From the above codes, nearest schools, coordinates and distances to rental listings are added to the table.

### Workplace Location

In the below code, tenants can fill in their workplace address to calculate their travelling distance by train to the city.

In [216]:
work_place = input("Enter your workplace address: ")
print(f"You entered: {work_place}")

work_place_coords = geocode_address(work_place)
work_place_coords

You entered: 480 Collins St Melbourne


(-37.817696, 144.9580457)

Then the nearest station from their workplace is found through "find nearest station" function

In [217]:
work_place_station = find_nearest_station(work_place_coords[0], work_place_coords[1], kdtree_train, train_data_clean)[0]
work_place_station


'Southern Cross Station'

### Train Travelling Time Calculation

The below function converts a GTFS-style time string like "HH:MM:SS" into a datetime.timedelta.
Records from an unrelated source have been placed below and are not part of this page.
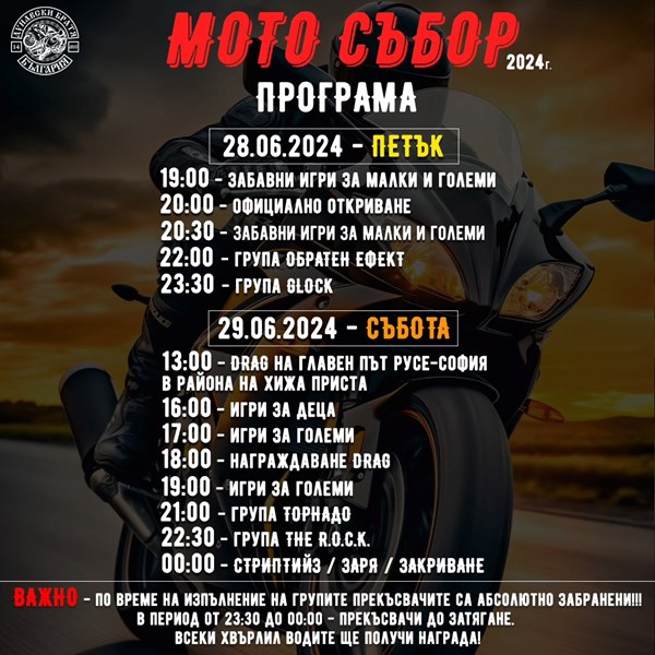 Днес, на изхода на Русе след „Метро“ в посока София, ще се проведе дългоочакваното драг състезание, част от годишния мото събор на Мото клуб „Дунавски братя“ за 2024 година. Събитието е планирано да започне от 13:00 часа и обещава да бъде истинско шоу за любителите на моторите и скоростта.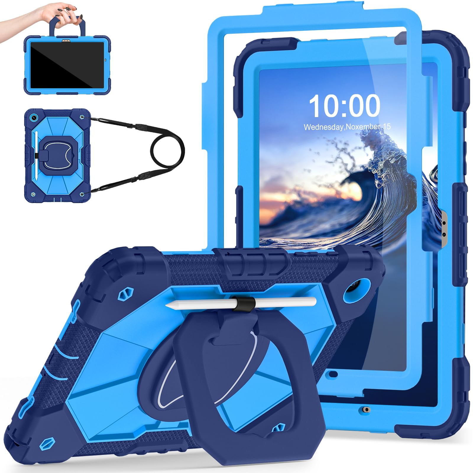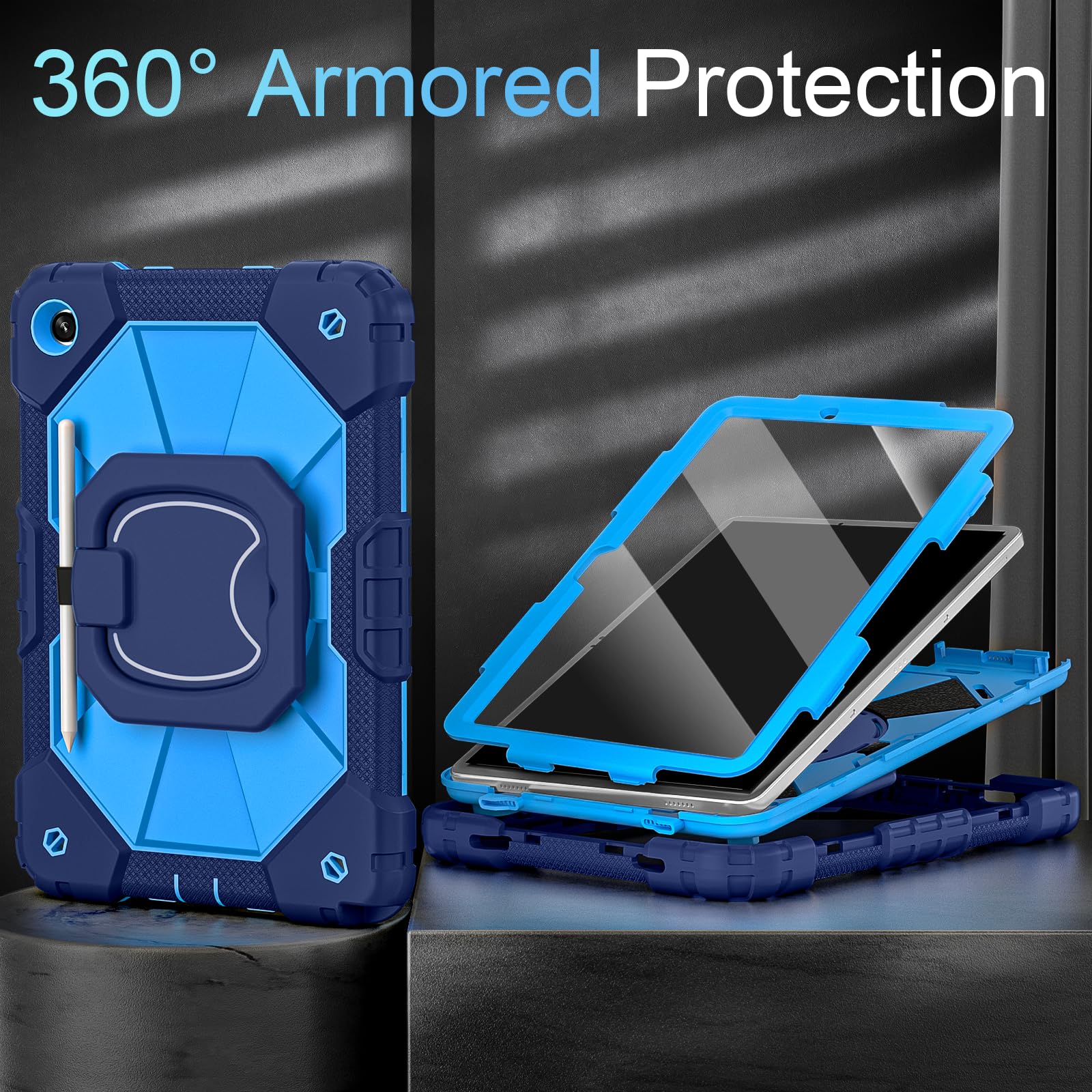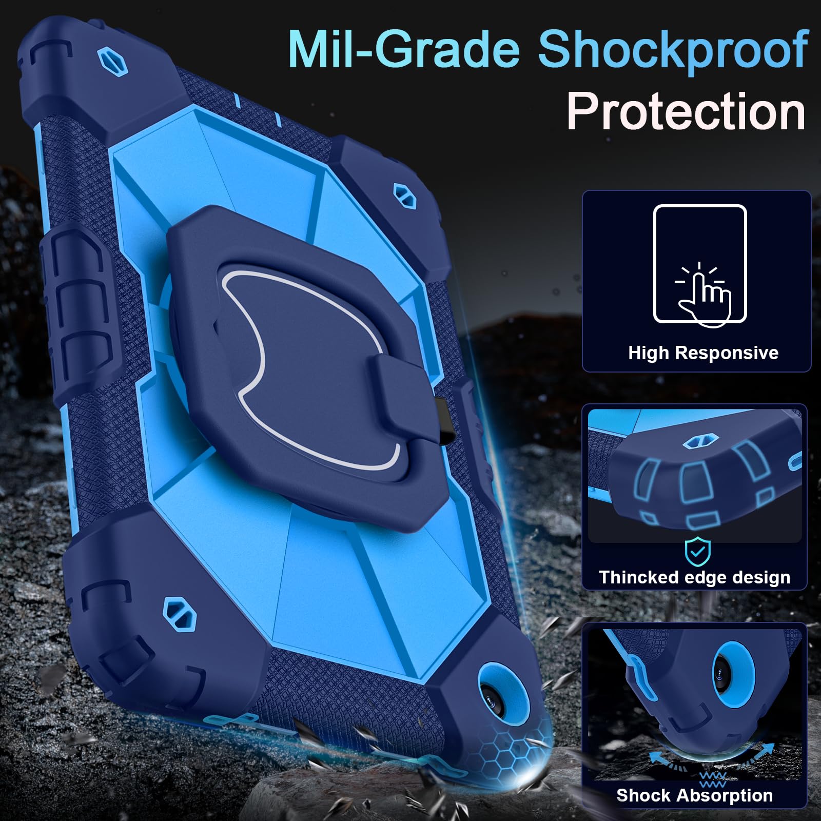 【PREMIUM PROTECTION】This samsung galaxy tab a9+ case is made of shockproof PC & soft silicone(with built-in screen protector),so nice to touch,provides a better grip.Unique shock-proof design keeps your tablet better protected to avoid daily bumps,scrapes,defeat 99% accidental drops,unbreakable!
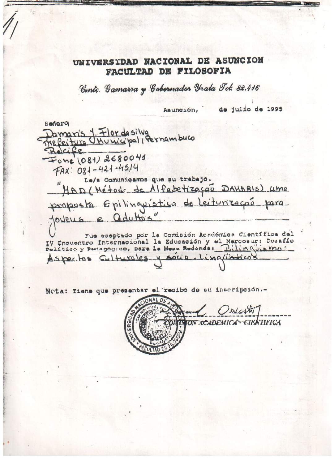 Hoje, Damaris vive em Balneário Barra do Sul (SC) e continua atuando com pesquisa, escrita e palestras. Orgulha-se da trajetória construída e da família que formou — filhos, netos e bisnetas que são sua maior inspiração. Sua vida é marcada por fé, ciência e amor transformador.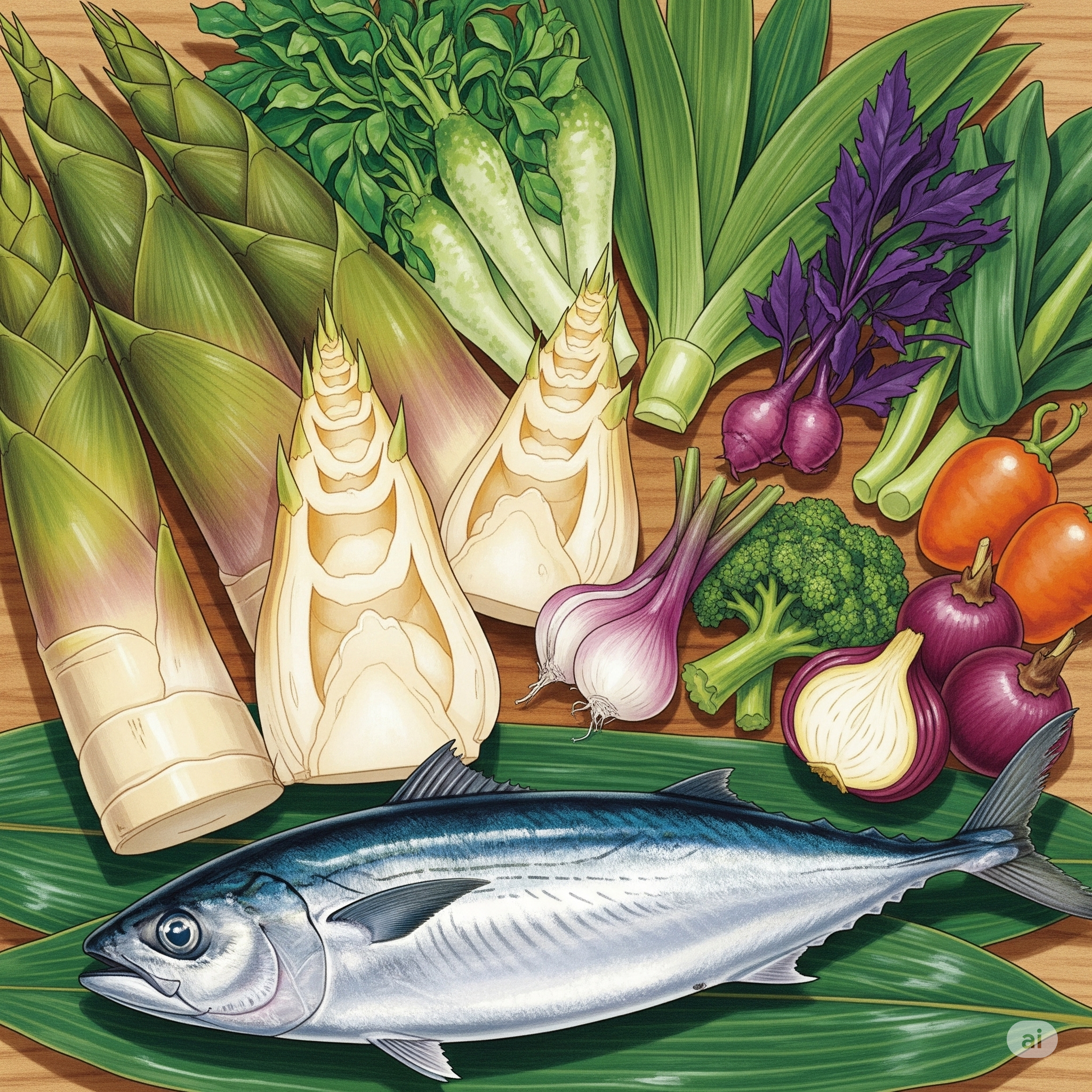 5月は新茶、山菜、たけのこ、初鰹など旬の素材が豊富。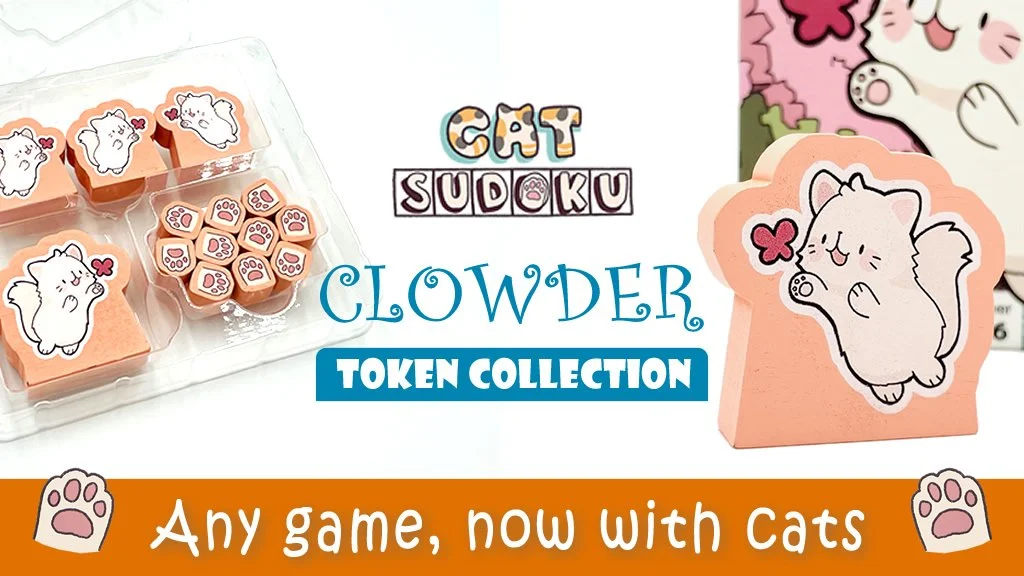 The Clowder Token Collection is a set of adorable, cat-shaped wooden tokens designed to upgrade your tabletop games, no matter what you’re playing. Each set comes in a unique color, letting you replace generic cubes, markers, or tokens with a tiny clowder of cats. Use them as player markers, score trackers, first-player tokens, reminders or simply because cats belong at the table.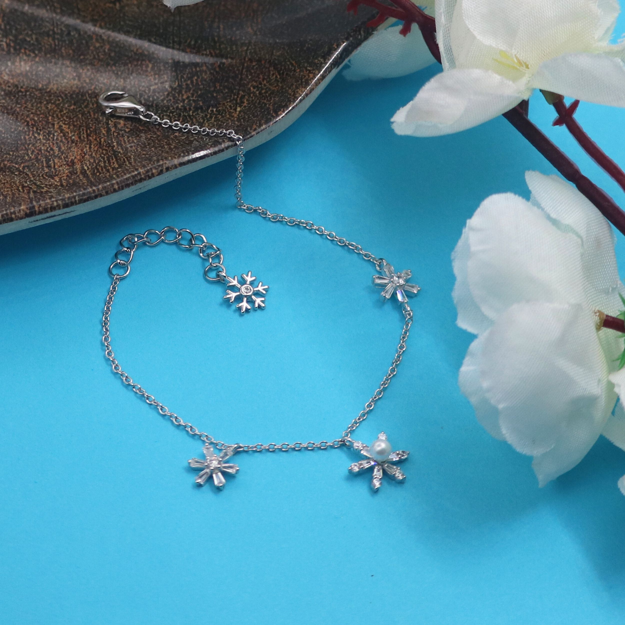 Elevate your jewellery collection with this exquisite silver snowflake bracelet from Arika Jewellers. Crafted with meticulous attention to detail, this stunning piece features delicate snowflake motifs connected by elegant chain links, creating a graceful and timeless design. The bracelet is made from genuine 925 sterling silver, ensuring both quality and durability. Perfect as a thoughtful gift for the special women in your life, this bracelet adds a touch of winter wonderland charm to any outfit. The versatile design makes it suitable for both casual and formal occasions. Each snowflake element sparkles beautifully, capturing light from every angle. The bracelet comes with a Certificate of Authenticity, validating its sterling silver credentials. This enchanting piece serves as an ideal present for girlfriends, sisters, or any woman who appreciates refined jewellery. The classic snowflake theme makes it a particularly cherished accessory during winter festivities, though its sophisticated appeal remains timeless throughout the year.

In GTFS, times can go past 24 hours (e.g., "25:10:00") to represent trips after midnight. The code parses the hours, minutes, and seconds; if the hour is 24 or more, it subtracts 24 and returns a timedelta with one extra day plus the remaining hours/minutes/seconds. Otherwise, it returns a normal timedelta for that time since midnight.

In [218]:
from datetime import  timedelta
def parse_time(gtfs_time: str) -> timedelta:

        hours, minutes, seconds = map(int, gtfs_time.split(':'))
        if hours >= 24:
            hours = hours - 24
            return timedelta(days=1, hours=hours, minutes=minutes, seconds=seconds)
        return timedelta(hours=hours, minutes=minutes, seconds=seconds)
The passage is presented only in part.